* _Source records_:

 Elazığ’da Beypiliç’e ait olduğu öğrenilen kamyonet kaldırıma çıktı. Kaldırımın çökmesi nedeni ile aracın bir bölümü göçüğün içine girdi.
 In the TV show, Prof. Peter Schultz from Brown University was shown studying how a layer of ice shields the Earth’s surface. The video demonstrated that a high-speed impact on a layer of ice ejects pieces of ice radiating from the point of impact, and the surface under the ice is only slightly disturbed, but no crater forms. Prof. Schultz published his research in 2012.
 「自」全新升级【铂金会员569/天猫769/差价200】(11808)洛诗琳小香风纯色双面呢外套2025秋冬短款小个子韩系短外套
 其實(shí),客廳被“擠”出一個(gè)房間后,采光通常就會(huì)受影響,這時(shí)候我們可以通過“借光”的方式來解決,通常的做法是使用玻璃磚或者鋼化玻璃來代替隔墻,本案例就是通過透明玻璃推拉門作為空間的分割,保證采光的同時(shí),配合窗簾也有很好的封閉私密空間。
--
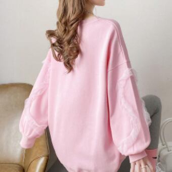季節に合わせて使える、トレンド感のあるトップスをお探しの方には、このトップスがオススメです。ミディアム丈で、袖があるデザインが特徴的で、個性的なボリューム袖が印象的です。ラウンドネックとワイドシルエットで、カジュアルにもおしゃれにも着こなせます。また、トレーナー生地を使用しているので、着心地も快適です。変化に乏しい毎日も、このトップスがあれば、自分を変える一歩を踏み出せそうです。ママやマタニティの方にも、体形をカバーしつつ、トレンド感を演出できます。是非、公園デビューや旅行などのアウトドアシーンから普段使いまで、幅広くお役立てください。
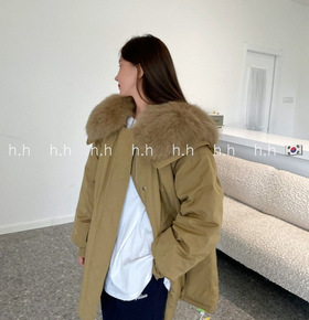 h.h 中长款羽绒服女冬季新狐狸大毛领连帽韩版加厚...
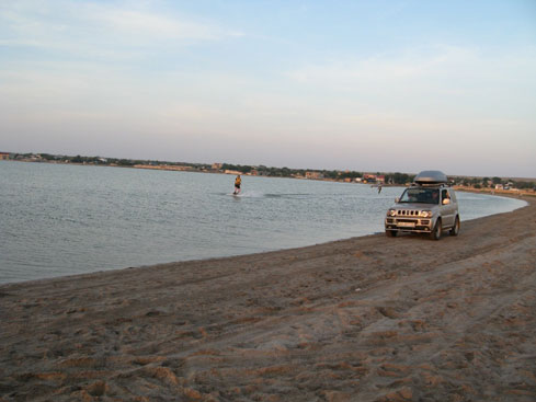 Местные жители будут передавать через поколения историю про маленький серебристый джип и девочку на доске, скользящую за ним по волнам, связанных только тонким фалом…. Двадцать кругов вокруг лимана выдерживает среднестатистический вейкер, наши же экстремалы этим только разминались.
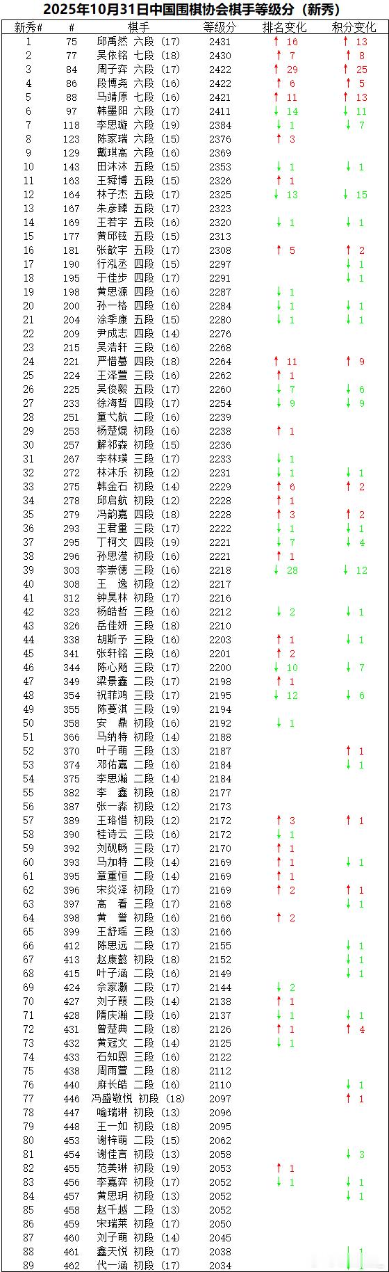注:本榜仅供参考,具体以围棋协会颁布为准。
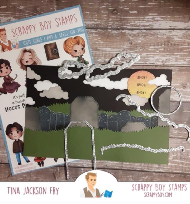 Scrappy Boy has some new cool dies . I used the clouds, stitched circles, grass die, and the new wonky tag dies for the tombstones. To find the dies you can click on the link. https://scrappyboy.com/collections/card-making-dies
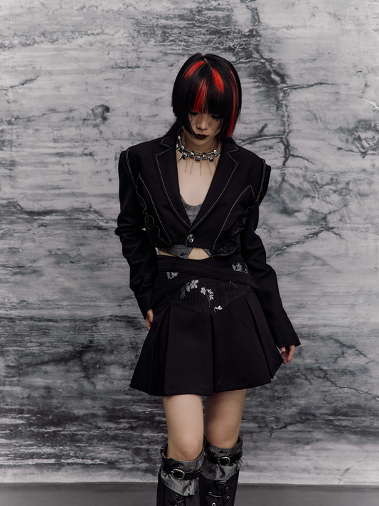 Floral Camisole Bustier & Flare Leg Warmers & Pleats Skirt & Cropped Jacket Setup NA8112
==
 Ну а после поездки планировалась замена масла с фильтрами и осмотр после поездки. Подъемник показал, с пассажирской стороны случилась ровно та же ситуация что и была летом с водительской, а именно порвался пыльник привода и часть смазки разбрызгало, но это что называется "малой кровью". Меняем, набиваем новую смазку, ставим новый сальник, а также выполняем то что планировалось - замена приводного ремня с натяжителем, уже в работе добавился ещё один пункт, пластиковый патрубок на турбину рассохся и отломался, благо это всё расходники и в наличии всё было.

* _Task description_: From the records above, transcribe exactly the lines starting at the one containing "h.h 中长款羽绒服女冬季新狐狸大毛领连帽韩版加厚..." and ending at the one containing "Scrappy Boy has". Skip the pictures.

* _Exercise response_:
 h.h 中长款羽绒服女冬季新狐狸大毛领连帽韩版加厚...
 Местные жители будут передавать через поколения историю про маленький серебристый джип и девочку на доске, скользящую за ним по волнам, связанных только тонким фалом…. Двадцать кругов вокруг лимана выдерживает среднестатистический вейкер, наши же экстремалы этим только разминались.
注:本榜仅供参考,具体以围棋协会颁布为准。
 Scrappy Boy has some new cool dies . I used the clouds, stitched circles, grass die, and the new wonky tag dies for the tombstones. To find the dies you can click on the link. https://scrappyboy.com/collections/card-making-dies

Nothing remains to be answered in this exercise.